Offensive art
Jan 8 2023 The Guardian
An art treasure long cherished by Muslims is deemed offensive. But to whom?
An instructor at Hamline University, Minnesota, displayed a painting found in a 14th-century Persian manuscript, the “Compendium of Chronicles”, a history of Islam. It shows the Prophet Muhammad receiving his first Quranic revelations from the angel Gabriel.
This was during an online class on Islamic art. The instructor had warned of what she was about to do in case anyone found the image offensive and did not wish to view it. But you guessed it, a student complained to the university authorities.
The university’s associate vice-president of inclusive excellence , condemned the classroom exercise as “undeniably inconsiderate, disrespectful and Islamophobic”.
The instructor had warned the students that she was going to show the painting; this was a class on Islamic art; and this is a 14th-century painting described as “a masterpiece of Persian manuscript painting”. This is not the Danish Cartoons or Charlie Hebdo, this can not be called Islamophobic.

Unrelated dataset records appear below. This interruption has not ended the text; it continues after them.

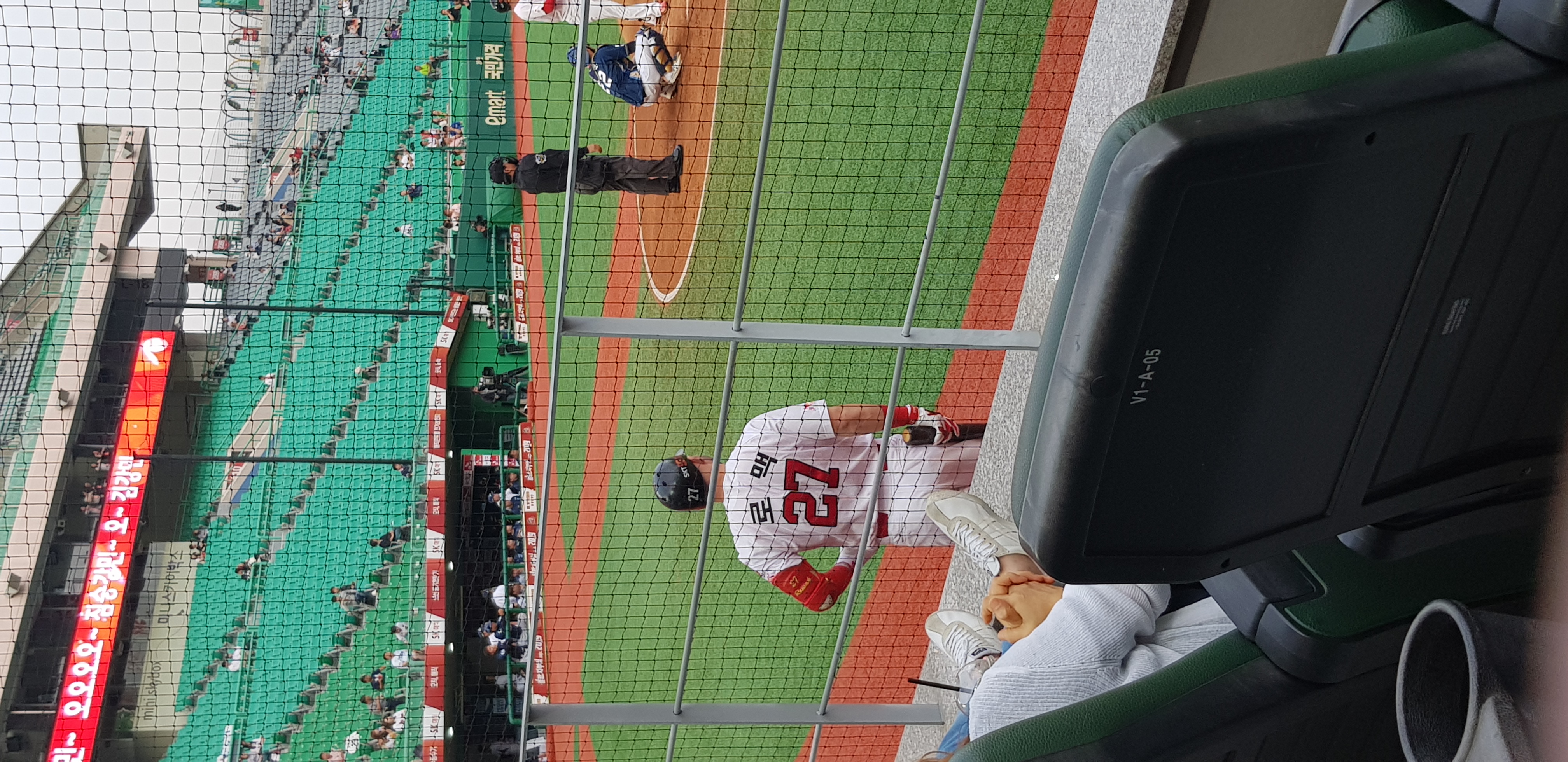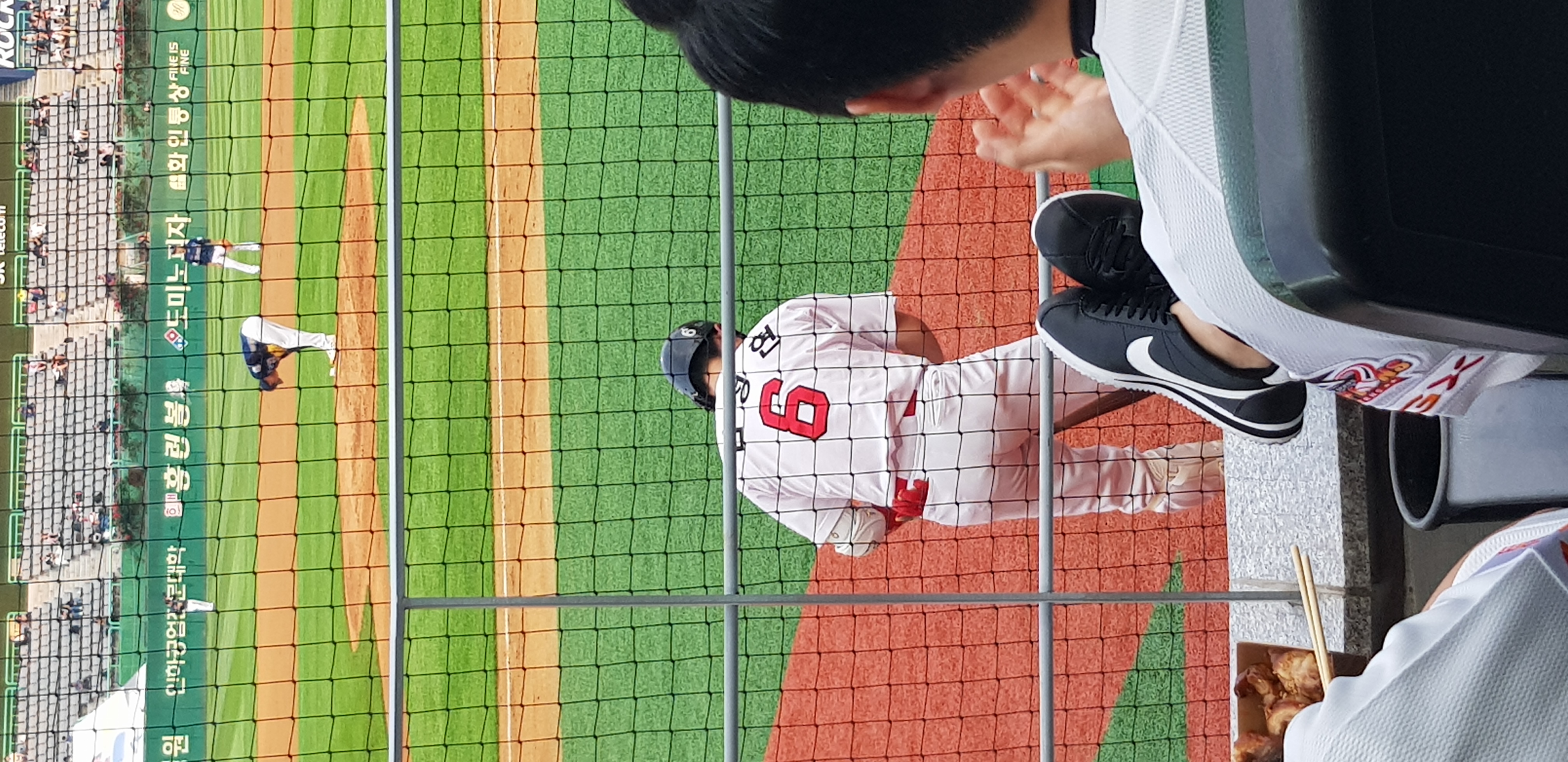 이런 자리에 왔으면 인증샷 한 번은 남겨야지ㅎㅎ 야구 정말 잘 보이고, 의자도 편하다. 12회말까지 경기가 이어진다고 해도 피로감 없이 편안하게 경기를 관람 할 수 있을 것 같다.
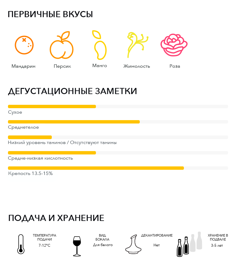 Вино лучше всего сочетается с нежным мясом или морскими гребешками, приправленными вареными фруктами, миндалем, цитрусовыми или ароматными травами (такими как тайский базилик или эстрагон).
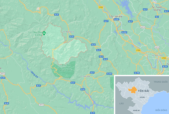 Án mạng xảy ra tại huyện Trạm Trấu, tỉnh Yên Bái (vùng khoanh đỏ). Ảnh: Google Maps.
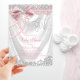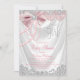 Convite de chá de fraldas cor-de-rosa pincelado com uma elegante cebola branca e pérolas bonito e arco rosa diamante num fundo branco de cetim. Este belo convite para chás de fraldas cor-de-rosa e prateado é facilmente personalizado para o seu evento simplesmente adicionando os detalhes do seu evento no estilo de letra e cor e na redação da sua escolha.
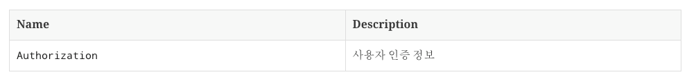 requestHeaders(headerWithName("Authorization").description("사용자 인증 정보")): RequestHeader에 대한 명세를 한다.
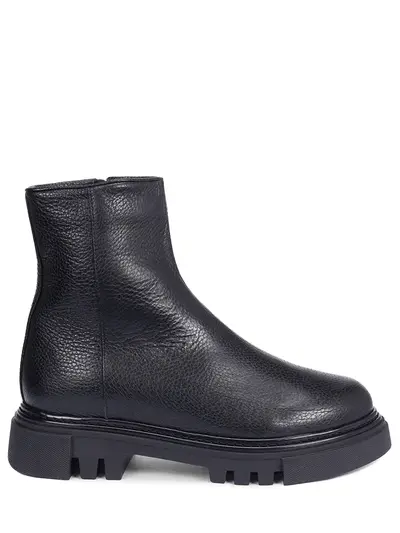 -Черные ботинки из натуральной кожи от STOKTON. -Модель с закругленным мысом, толстой резиновой подошвой и низким каблуком с глубоким протектором, застежкой на молнию сбоку, внутренней отделкой из натуральной овчины.
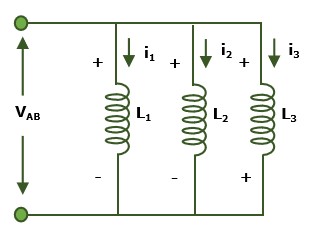 Here, the three inductor with inductance L1, L2 and L3 are connected in parallel. The voltage across the terminal is VAB, by applying kirchoff's current law, the total current is the sum of individual current inductor i.e., −
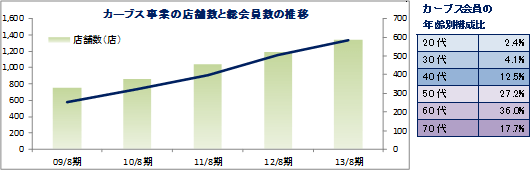 事業は、「カラオケ本舗まねきねこ」(郊外中心)やひとりカラオケ専門店「ワンカラ」(都心や地方都市の繁華街で展開)を運営するカラオケ事業、“女性専用30分健康体操教室”として中高年齢層をターゲットに女性専用フィットネスクラブ「Curves(カーブス)」を展開するカーブス事業、新規事業として育成中の温浴事業(各種の温浴設備を備えた施設の運営。「居抜き出店方式」のノウハウを活用し店舗展開)、及び不動産管理事業等のその他に分かれる。13/8期の売上構成比は、カラオケ事業55%、カーブス事業40%、温浴事業5%、その他1%。
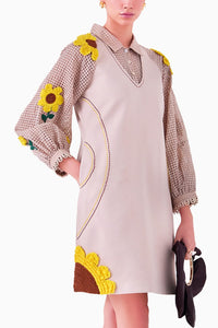 Capture the essence of summer with our Sun-Kissed Ecru Banana Crepe Dress. This A-line short dress features a lightweight banana crepe fabric and a charming layer of nylon and cotton dobby. Adorned with hand-embroidered sunflower appliqués, side pockets, and elegant beadwork along the stitch lines, it’s the perfect blend of comfort and style. Ideal for sunny days and special occasions alike!

Someone (the chair of the department of religion, no less) wrote a letter to the university’s student paper defending the instructor, and providing historical and religious context, but the letter was taken down from the website; because it “caused harm”. The chair wrote back to ask: “Are you saying that disagreement with an argument is a form of ‘harm’?”
And obviously “the instructor was “released” from further teaching duties”.
And this happens in a University, a place of learning where students should get an education and learn about cultures and learn to respect different points of view. Except that, to provide that education, you cannot show or do something if a student says so?
The end result here is that by defending inclusive diversity the university is diminishing diversity in education. How can it be a good thing, if “inclusive excellence” does not include excellent education?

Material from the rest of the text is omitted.